Collection entries:
:::::

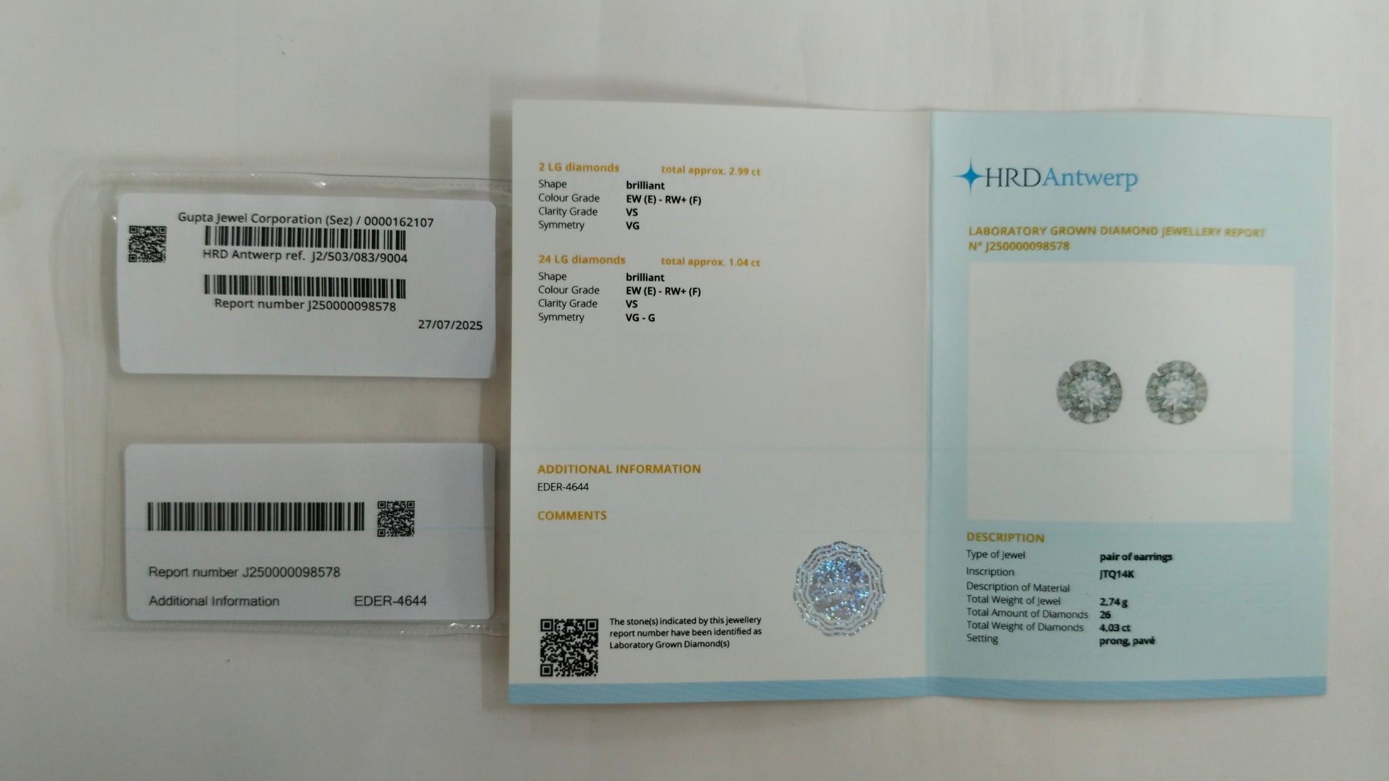 4.03 Carats Lab Grown Diamond 14K Gold Earrings
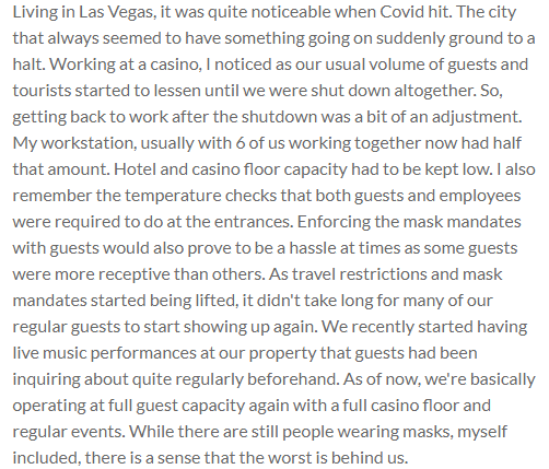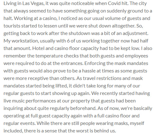 Living in Las Vegas, it was quite noticeable when Covid hit. The city that always seemed to have something going on suddenly ground to a halt. Working at a casino, I noticed as our usual volume of guests and tourists started to lessen until we were shut down altogether. So, getting back to work after the shutdown was a bit of an adjustment. My workstation, usually with 6 of us working together now had half that amount. Hotel and casino floor capacity had to be kept low. I also remember the temperature checks that both guests and employees were required to do at the entrances. Enforcing the mask mandates with guests would also prove to be a hassle at times as some guests were more receptive than others. As travel restrictions and mask mandates started being lifted, it didn't take long for many of our regular guests to start showing up again. We recently started having live music performances at our property that guests had been inquiring about quite regularly beforehand. As of now, we're basically operating at full guest capacity again with a full casino floor and regular events. While there are still people wearing masks, myself included, there is a sense that the worst is behind us.
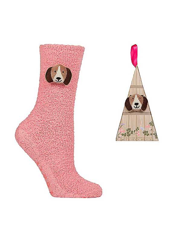 Wild Feet Ladies Fluffy Dog Socks in 3D Hanging Gift Box - Pink/Brown
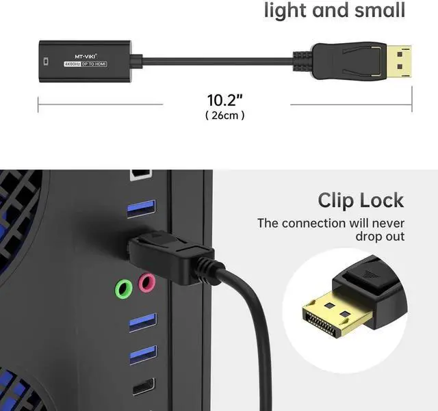 MT-CPH03The MT-VIKI DisplayPort to HDMI adapter connects a computer, desktop, laptop, or other devices with DisplayPort port to a monitor, projector, HDTV, or other devices with HDMI port; Tuck this lightweight gadget into your bag or pocket to do a business presentation with your laptop and projector, or extend your desktop screen to a monitor or TV.
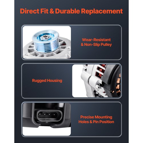 Stabile Leistung: Dieser Ersatzgenerator liefert eine effiziente 12-V-Gleichstromleistung zur Versorgung der Fahrzeugsysteme. Die 6-Rillen-Riemenscheibe sorgt für einen stabilen, schlupffreien Betrieb bis zu 6000 U/min – für einen reibungslosen Betrieb von Zündung, Beleuchtung und Infotainment.
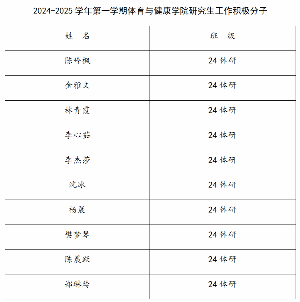 根据《关于评选2024-2025学年第一学期优秀学生干部和工作积极分子的通知》文件精神,坚持公开、公正、公平的原则,经过组织个人申报、资格初审、学院团委评审、候选人汇报以及无记名投票通过:23体研徐杰等2人(名单附后)符合“2024-2025学年第一学期37000vip威尼斯研究生优秀学生干部”拟推荐资格;23体研蒋依慧等6人(名单附后)符合“2024-2025学年第一学期37000vip威尼斯研究生优秀学生干部”拟推荐资格;24体研陈吟枫等10人(名单附后)符合“2024-2025学年第一学期37000vip威尼斯研究生工作积极分子”拟推荐资格。
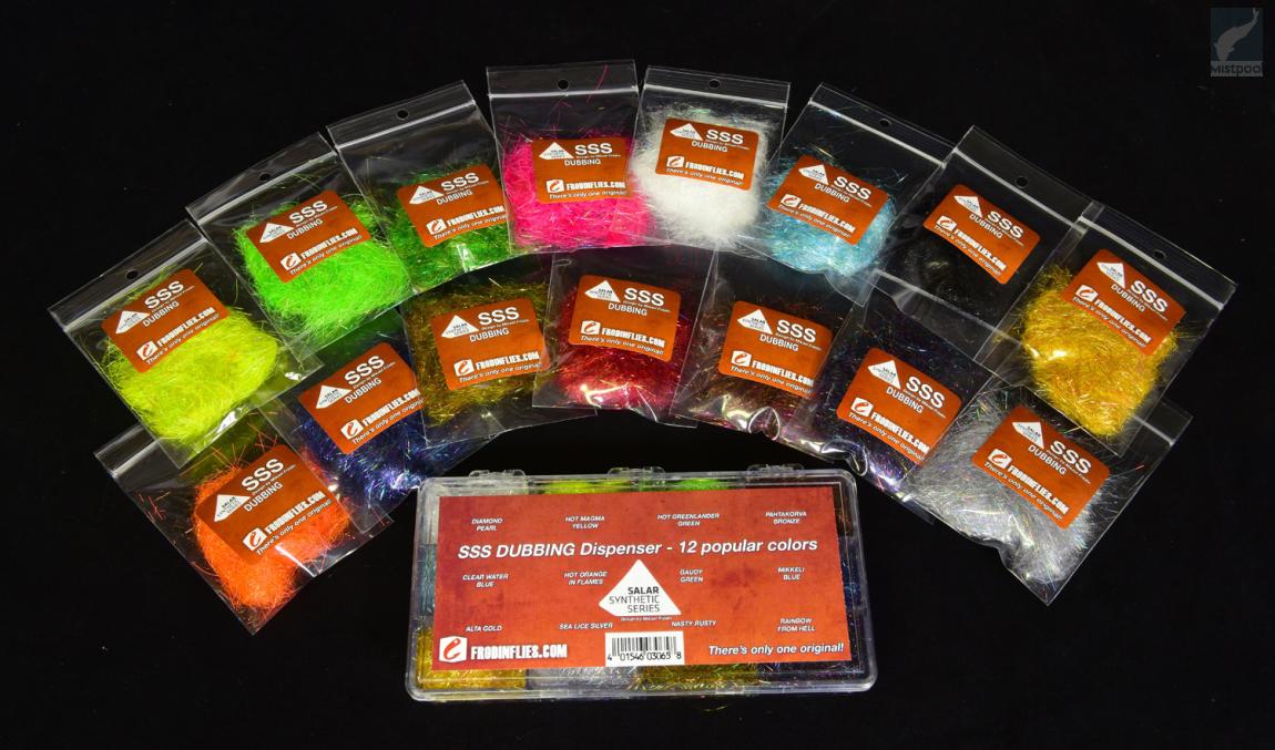 Frödinflies SSS Dubbing -lajitelma sisältää 12 suosittua väriä. SSS Dubbing on putkiperhojen sidontaan suunniteltua dubbingmateriaalia. Synteettisten kuitujen seassa on kimallekuituja, jotka parantavat perhon näkymistä vedessä. Kuidut ovat sopivan pitkiä, jotta niitä voidaan harjata dubbauksen jälkeen auki ilman että runko ohentuu liikaa. Kuidut itsessään ovat hyvin läpikuultavia, mikä on ominaisuus jota Mikael Frödin pitää hyvin tärkeänä lohi- ja meritaimenperhoja sidottaessa.
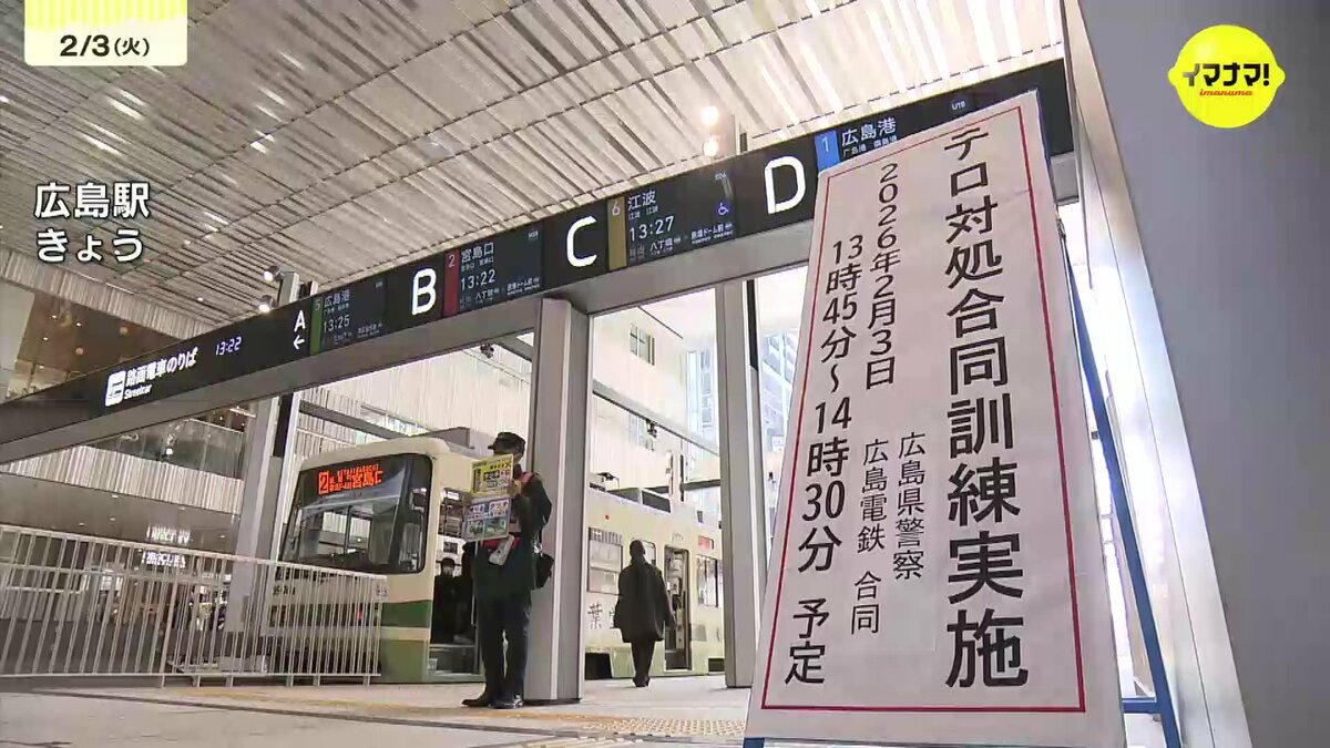 広島駅の新しくなった広島電鉄のホームで初めて、テロ事件への対処を想定した訓練が行われました。訓練は、実際の電車を使用して行われました。
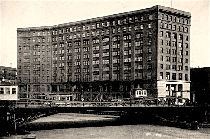 [The colossal HSB&Co building on North Water Street, opened in 1924, torn down in 1989]
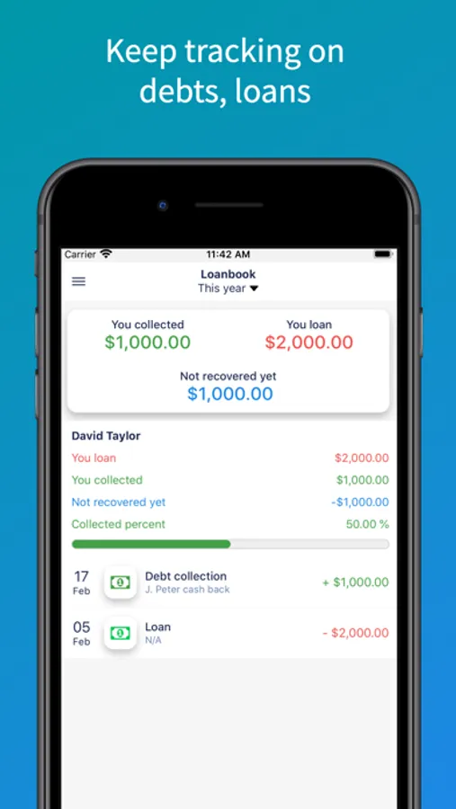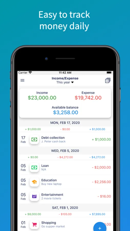 - Debt, loan, and saving managements (Pro package): all related records will be centralized. The user can track them easily. These records are grouped by a person.
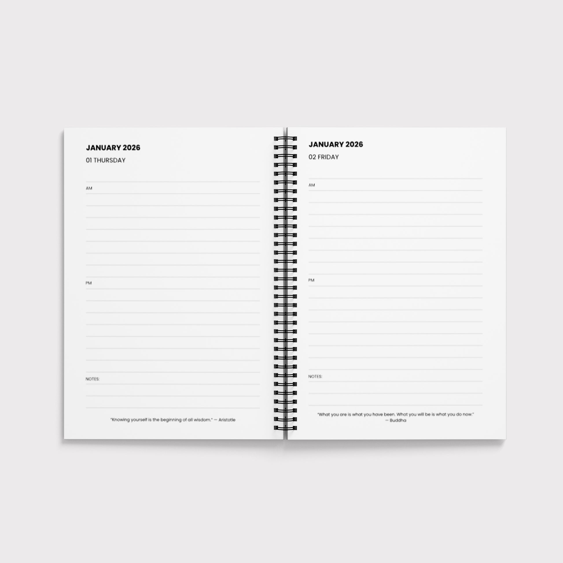 The 2026 Daily Diary Planner redefines the classic one-page-per-day style with a modern twist, blending timeless functionality with thoughtful features. Perfect for daily planning and journaling, it includes tools like a vision board, monthly planning & reflection pages, and inspiring motivational quotes to keep you focused and uplifted. With a Sunday half-day layout for flexibility, essential info pages, this diary is crafted to help you organize your thoughts, plans, and goals with elegance and ease.
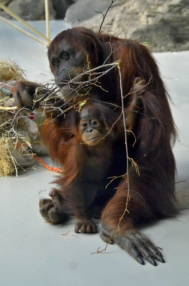 Samica orangutana s mláďaťom v zoologickej záhrade v Bratislave
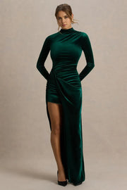 Gorgeous Mermaid Mock Neck Long Sleeve Ruched Side High Slit Floor Length Evening Dress - US 2 / UK 6 / EU 32
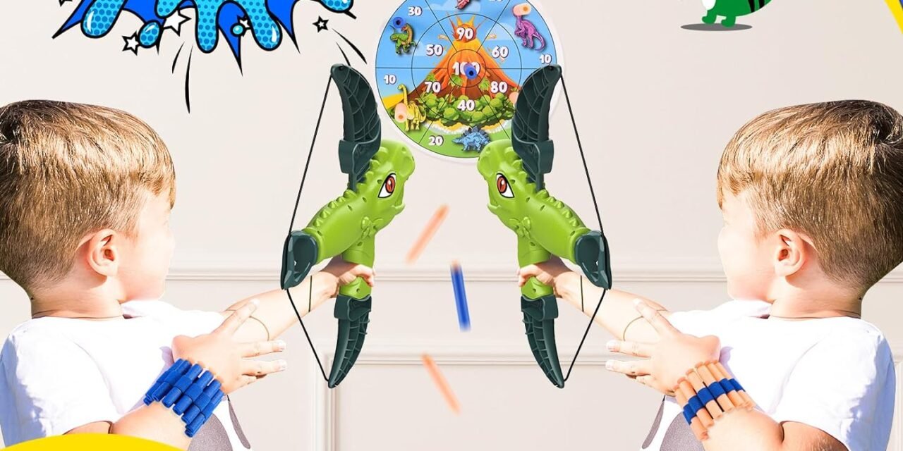 The Dinosaur Bow and Arrow children’s toy is recommended for children between the ages of 5 and 12.

:::::

### What the exercise asks
The full data, repeated exactly and stripped of its pictures, is the expected answer.

### Task output
 4.03 Carats Lab Grown Diamond 14K Gold Earrings
 Living in Las Vegas, it was quite noticeable when Covid hit. The city that always seemed to have something going on suddenly ground to a halt. Working at a casino, I noticed as our usual volume of guests and tourists started to lessen until we were shut down altogether. So, getting back to work after the shutdown was a bit of an adjustment. My workstation, usually with 6 of us working together now had half that amount. Hotel and casino floor capacity had to be kept low. I also remember the temperature checks that both guests and employees were required to do at the entrances. Enforcing the mask mandates with guests would also prove to be a hassle at times as some guests were more receptive than others. As travel restrictions and mask mandates started being lifted, it didn't take long for many of our regular guests to start showing up again. We recently started having live music performances at our property that guests had been inquiring about quite regularly beforehand. As of now, we're basically operating at full guest capacity again with a full casino floor and regular events. While there are still people wearing masks, myself included, there is a sense that the worst is behind us.
 Wild Feet Ladies Fluffy Dog Socks in 3D Hanging Gift Box - Pink/Brown
 MT-CPH03The MT-VIKI DisplayPort to HDMI adapter connects a computer, desktop, laptop, or other devices with DisplayPort port to a monitor, projector, HDTV, or other devices with HDMI port; Tuck this lightweight gadget into your bag or pocket to do a business presentation with your laptop and projector, or extend your desktop screen to a monitor or TV.
 Stabile Leistung: Dieser Ersatzgenerator liefert eine effiziente 12-V-Gleichstromleistung zur Versorgung der Fahrzeugsysteme. Die 6-Rillen-Riemenscheibe sorgt für einen stabilen, schlupffreien Betrieb bis zu 6000 U/min – für einen reibungslosen Betrieb von Zündung, Beleuchtung und Infotainment.
 根据《关于评选2024-2025学年第一学期优秀学生干部和工作积极分子的通知》文件精神,坚持公开、公正、公平的原则,经过组织个人申报、资格初审、学院团委评审、候选人汇报以及无记名投票通过:23体研徐杰等2人(名单附后)符合“2024-2025学年第一学期37000vip威尼斯研究生优秀学生干部”拟推荐资格;23体研蒋依慧等6人(名单附后)符合“2024-2025学年第一学期37000vip威尼斯研究生优秀学生干部”拟推荐资格;24体研陈吟枫等10人(名单附后)符合“2024-2025学年第一学期37000vip威尼斯研究生工作积极分子”拟推荐资格。
 Frödinflies SSS Dubbing -lajitelma sisältää 12 suosittua väriä. SSS Dubbing on putkiperhojen sidontaan suunniteltua dubbingmateriaalia. Synteettisten kuitujen seassa on kimallekuituja, jotka parantavat perhon näkymistä vedessä. Kuidut ovat sopivan pitkiä, jotta niitä voidaan harjata dubbauksen jälkeen auki ilman että runko ohentuu liikaa. Kuidut itsessään ovat hyvin läpikuultavia, mikä on ominaisuus jota Mikael Frödin pitää hyvin tärkeänä lohi- ja meritaimenperhoja sidottaessa.
 広島駅の新しくなった広島電鉄のホームで初めて、テロ事件への対処を想定した訓練が行われました。訓練は、実際の電車を使用して行われました。
 [The colossal HSB&Co building on North Water Street, opened in 1924, torn down in 1989]
 - Debt, loan, and saving managements (Pro package): all related records will be centralized. The user can track them easily. These records are grouped by a person.
 The 2026 Daily Diary Planner redefines the classic one-page-per-day style with a modern twist, blending timeless functionality with thoughtful features. Perfect for daily planning and journaling, it includes tools like a vision board, monthly planning & reflection pages, and inspiring motivational quotes to keep you focused and uplifted. With a Sunday half-day layout for flexibility, essential info pages, this diary is crafted to help you organize your thoughts, plans, and goals with elegance and ease.
 Samica orangutana s mláďaťom v zoologickej záhrade v Bratislave
 Gorgeous Mermaid Mock Neck Long Sleeve Ruched Side High Slit Floor Length Evening Dress - US 2 / UK 6 / EU 32
 The Dinosaur Bow and Arrow children’s toy is recommended for children between the ages of 5 and 12.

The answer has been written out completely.